LightGBMClassifier suffers a great loss in quality in Single Dataset Mode if running with not enough chunkSize #1478

fonhorst · 2022-04-14T14:49:29Z

Describe the bug
if chunkSize parameter of LightGBMClassifier is less than dataset_size / cores_per_exec * num_of_execs, the resulting model degrades to very bad quality of predictions. See the table with predictions on the test part of data for different cores/chunkSize-s below.

To Reproduce
Check the code in the attachment lightgbm_chunk_size_problem_upd.zip

It happens when I use single dataset mode (useSingleDataset=True).
The full set of used settings for company_bancruptacy_prediction dataset:
objective="binary",
featuresCol="features",
labelCol="Bankrupt?",
useSingleDatasetMode=True,
numThreads=max(1, num_cores - 1),
chunkSize=chunk_size,
isProvideTrainingMetric=True,
verbosity=10,
isUnbalance=True

The train part size: 5812
For each run, the dataset was repartitioned with '.repartition(num_cores)' to have equal number of records in each partition.

Expected behavior
Predictions quality should stay the same for different values of chunkSize parameter. At least, if it is a desired behavior, the documentation should explain impact on quality in more details.

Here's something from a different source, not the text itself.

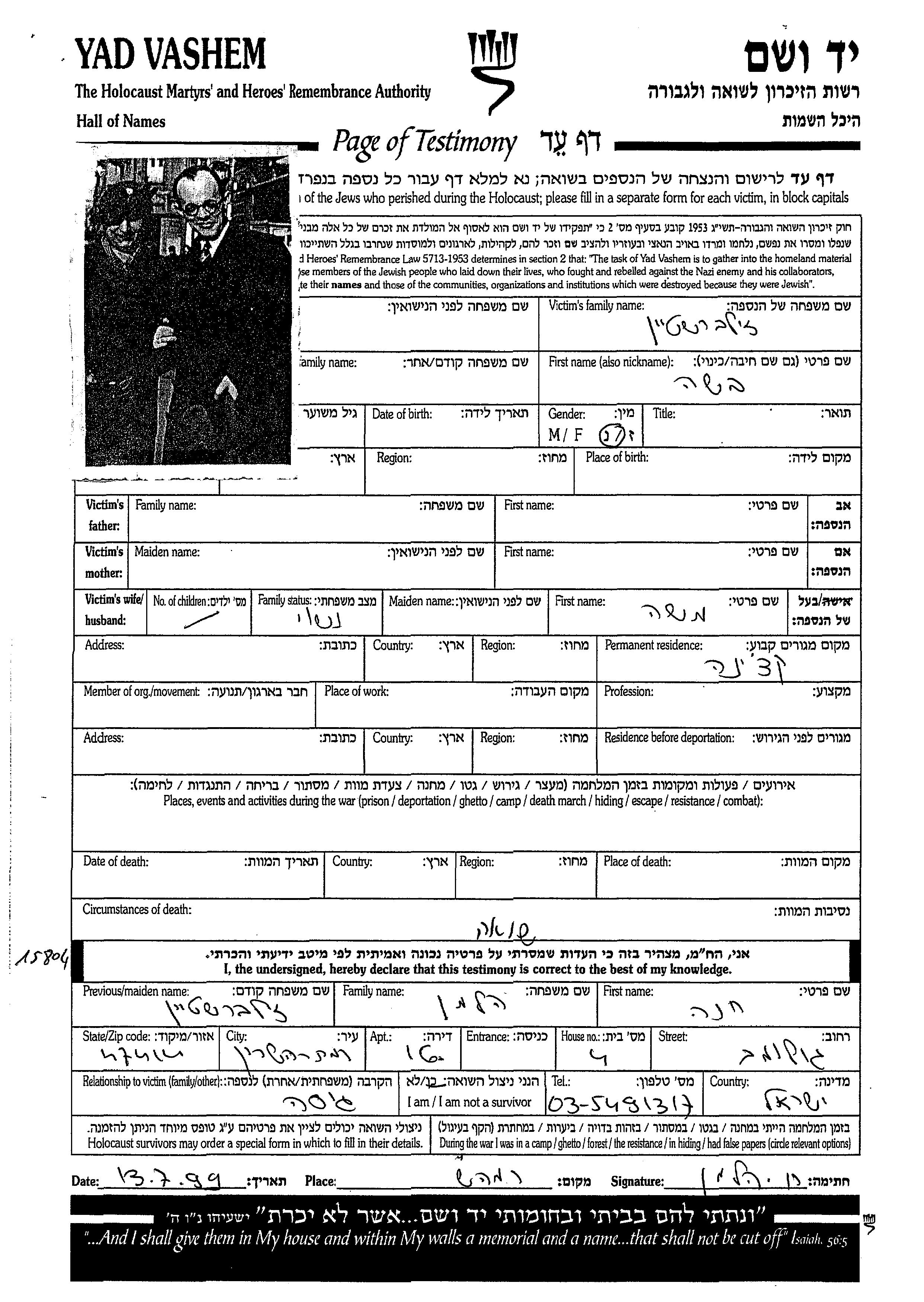 Basha wurde in der Schoah ermordet. Todesort: unbekannter Ort.

Info (please complete the following information):

SynapseML Version: 0.9.5
Spark Version 3.2.0
Spark Platform: local model, on-premise Kubernetes cluster

Additional context

LightGBMClassifier's numThreads was set num_cores - 1 following what is recommended #1316

The doc says:
"Advanced parameter to specify the chunk size for copying Java data to native. If set too high, memory may be wasted, but if set too low, performance may be reduced during data copy.If dataset size is known beforehand, set to the number of rows in the dataset."

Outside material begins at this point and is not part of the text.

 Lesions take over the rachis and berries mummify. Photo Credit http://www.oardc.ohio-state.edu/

It can be seen that the model being run with a chunkSize less than dataset_size / num_cores breaks completely resulting to no quality at all. But chunkSize becomes larger than dataset_size / num_cores (it were runs in the local mode) everything is fine. The border seems to be quite sharp as for 4 cores the model breaks coming from 1500 to 1400.

When the model breaks, in logs I can see frequent appearance the following records:
[LightGBM] [Warning] No further splits with positive gain, best gain: -inf

Concerning all mentioned above I have several questions:

Why does it break completely?
Does that mean I cannot process the dataset if doesn't fit into the memory of all executors combined (instead of just processing it slower)?
May be there is a correlation with other settings that I have missed?

I also observe the same behavior for much larger dataset with hundread of thousands rows.

AB#1748520

imatiach-msft · 2022-04-14T16:22:53Z

@fonhorst wow, that's so weird! There must be a major bug somewhere. This parameter is only for batching/copying data. It shouldn't have any impact on metrics at all. It can only have some impact on execution time if the chunk size is a small value and there is a lot of data, since it would increase the number of copies done.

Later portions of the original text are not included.